In 1986 the U.S. Supreme Court handed down its Bowers v. Hardwick ruling, not only upholding the right of states to criminalize and penalize sodomy but proclaiming that the Constitution did not guarantee "a fundamental right to engage in homosexual sodomy." Then Chief Justice, Warren Burger slathered the LGBT community with further disdain in a concurring opinion citing the "ancient roots" of prohibitions against homosexual sex, referring to it an "infamous crime against nature", worse than rape, and "a crime not fit to be named." Burger expounded: "To hold that the act of homosexual sodomy is somehow protected as a fundamental right would be to cast aside millennia of moral teaching." Bowers v. Hardwick was intended to be smack-down for LGBT rights. And for a time, it was. But Bowers had an unintended effect: it didn't sit well with LGBT Americans and those around them who cared for their well-being. In the agony of the AIDS epidemic, LGBT Americans and their supporters drew together and widened their circles of support. A growing number of people now wanted to see change.

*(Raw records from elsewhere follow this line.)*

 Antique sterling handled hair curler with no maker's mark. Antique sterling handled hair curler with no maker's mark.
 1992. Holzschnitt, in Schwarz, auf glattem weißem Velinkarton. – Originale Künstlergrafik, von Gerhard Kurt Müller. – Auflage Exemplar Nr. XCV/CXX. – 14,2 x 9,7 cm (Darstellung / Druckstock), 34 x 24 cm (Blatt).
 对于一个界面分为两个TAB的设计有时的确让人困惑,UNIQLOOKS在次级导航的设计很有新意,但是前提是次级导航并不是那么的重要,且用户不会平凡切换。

It should come as no surprise that finding a defendant that pled guilty to homosexual conduct willing to further challenge the constitutionality of the law would be difficult. The aggrieved parties would be putting their personal lives at stake, possibly risking their jobs and homes, perhaps even friends and families. Uneven and selective enforcement of the law meant most potential cases involved other issues that endangered a review of the issue on its merits alone. Arrests resulting from raids of bars and cruising spots introduced the spectre of sexual activities occurring in a public context - an obstacle that even heterosexual offenders couldn't always overcome. To litigate Texas' Homosexual Conduct law, the law would need to have been enforced in a private context, one in which the spectre of public observation was absent The arrests of John Lawrence and Tyron Gardner on the evening of September 17th, 1998 provided both the parties and circumstances that satisfied the necessary conditions to move a challenge forward.

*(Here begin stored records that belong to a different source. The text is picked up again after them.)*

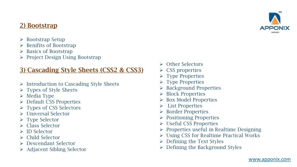 2) Bootstrap • Bootstrap Setup • Benifits of Bootstrap • Basics of Bootstrap • Project Design Using Bootstrap • 3) Cascading Style Sheets (CSS2 & CSS3) • Introduction to Cascading Style Sheets • Types of Style Sheets • Media Type • Default CSS Properties • Types of CSS Selectors • Universal Selector • Type Selector • Class Selector • ID Selector • Child Selector • Descendant Selector • Adjacent Sibling Selector • Other Selectors • CSS properties • Type Properties • Type Properties • Background Properties • Block Properties • Box Model Properties • List Properties • Border Properties • Positioning Properties • Useful CSS Properties • Properties useful in Realtime Designing • Using CSS for Realtime Practical Works • Defining the Text Styles • Defining the Background Styles www.apponix.com
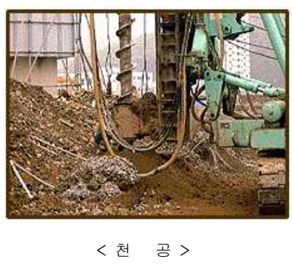 7) 장비 전도나 지하매설물을 보호하기 위해 천공장비가 위치하는 곳에는 철판을 설치하는 등의 방법으로 지반보강 조치를 해야합니다. 특히, 천공시 천공 깊이는 설계도서에서 정하는 깊이 이상을 확보하여야 하며 굴착토사를 관찰하는 등의 방법을 통해 설계단시 반영한 지층의 두께, 지질의 상태, 지하수위등과의 동일여부를 확인해야 합니다. 천공 깊이는 천공장비에 깊이를 표시하거나 시공하는 H pile에 길이를 표시하는함으로서 천공 깊이를 확인합니다.
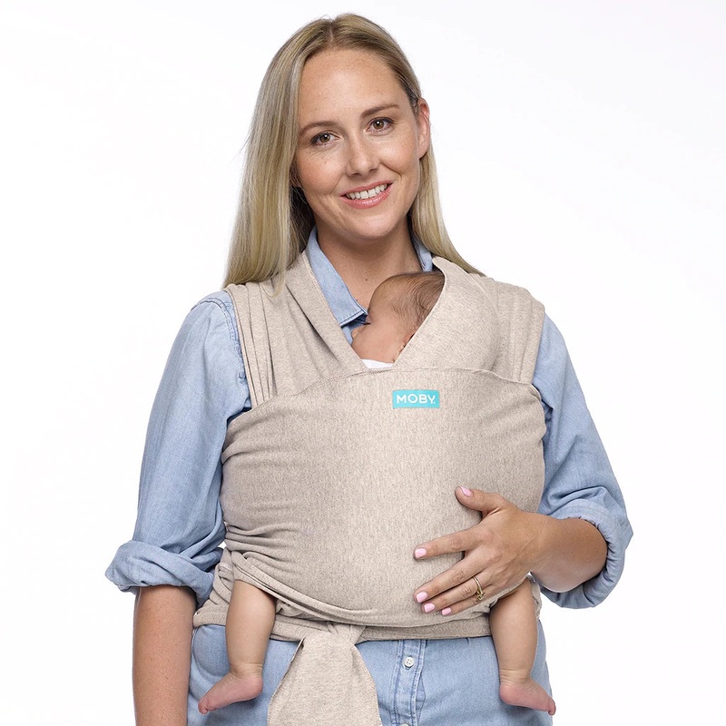 “This versatile wrap will quickly become your favorite. Keeping your baby close by and giving you the hands-free hold for those nice morning walks, cooking, or getting things done around the house. There are a number of ways you can wear your baby so this wrap will grow with your little one! Machine washable and easy to carry with you. This Evolution wrap is slightly different than the original because it is made with a cotton blend which allows for some stretch.”

Flagrant Conduct reveals much that we would otherwise never know. There were people watching, waiting, poised and ready to act. Immediately following their arrests, Lawrence and Garner had support and guidance from members of Houston's organized LGBT community. Efforts were made at the onset of the legal challenge to keep the lives of Lawrence and Garner, and the conflicting accounts of what happened that night, from becoming the focus of the case. Pleading guilty to the charges and being fined, they gained standing to challenge the law as aggrieved parties. They were kept out of the public eye as much as possible. The focus of Lawrence (and Garner's) challenge was not to be themselves, but whether Texas or any other state could intervene something as intimate and fundamental as their private sex lives. Flagrant Conduct fills in details of the events from interviews with Lawrence, Garner and the two Harris County Sheriff's Department deputies that arrested them, Quinn and Lilly. What we learn casts none of the parties in a favorable light, making it all the more important that the focus of the case was kept on the issue instead of the men involved.
The book follows the progression of the case through the Texas state and U.S. federal court systems, analyzing the actions and strategies employed on both sides. Carpenter explores how constitutional arguments are framed and tested, revealing how some may be favored by the public but fail to convince the court. Parts of the nation had already arrived at the decision to ban discrimination on the basis of sexual orientation, but challenging such discrimination at the national level would be asking too much of the court. Carpenter takes us through the construction of the briefs supplied to the U.S. Supreme Court and the careful consideration given to their contents. At the heart of the plaintiff's arguments was that adults have "a fundamental right" to "be free from unwarranted State intrusion into their personal decisions about their preferred forms of sexual expression". Even if such a right was not conceeded, the state had "no legitimate and rational justification" for treating same-sex couples differently.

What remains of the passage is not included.